Tuesday, November 30, 2004

Newspaper circulation -- injecting some reality

The Washington Post has an article today on the circulation scandals in Chicago and elsewhere. Nice job, comprehensive, and all that.

But in the middle is this:
The troubles come as U.S. newspapers have been steadily losing circulation since 1987, the last year that nationwide average circulation increased, according to the Newspaper Association of America, the industry trade group. Chief among the causes are changing lifestyles -- people have less time to read a paper every day -- and the rise of other sources of news and information, such as cable television news channels.
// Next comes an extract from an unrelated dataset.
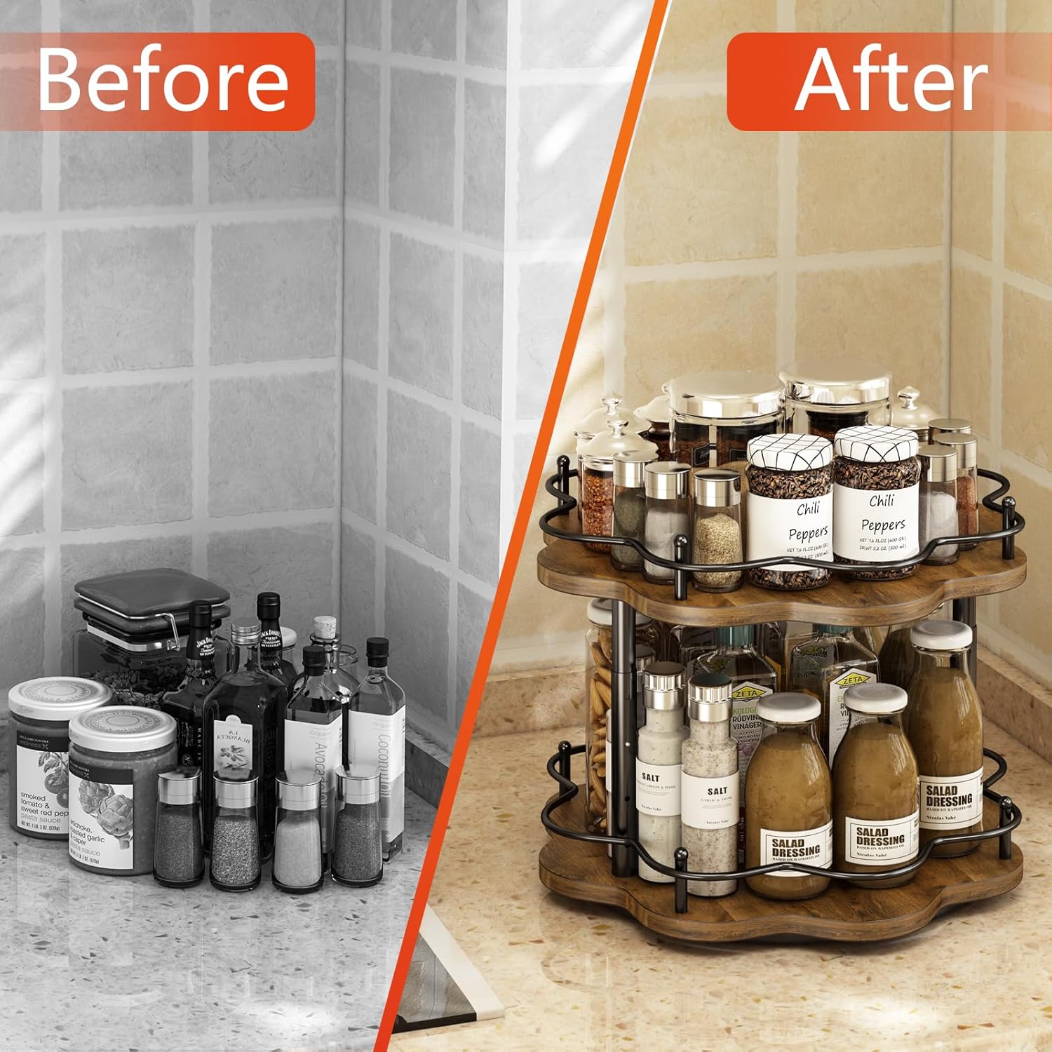 - 【Quality Materials】This 2-Tier Lazy Susan Organizer is made of vintage solid wood and metal and is very sturdy and durable. Unlike ordinary wood, it has a special coating that makes it waterproof and heat-resistant, so it can be used in a variety of scenarios and is much easier to clean.

Well, yes. But we need to inject a little reality into this. The statement above has become the mantra of the U.S. newspaper industry, and certainly there is truth to it. But not the whole truth. What the chains don't tell you is how much circulation they intentionally have shed in this time. As late as the mid-1990s, many states had a dominant paper or two with statewide or regional bureaus, early state editions designed to reach the tiniest hamlets, etc. Most of those have now been shed as newspapers, fighting to pare costs, have pulled back into what they see as their defensible market areas. Maybe there is a study out there that shows how many readers have been dropped as a result; I've not seen one. But it is not insignificant and, I would imagine, totals tens and perhaps hundreds of thousands of readers.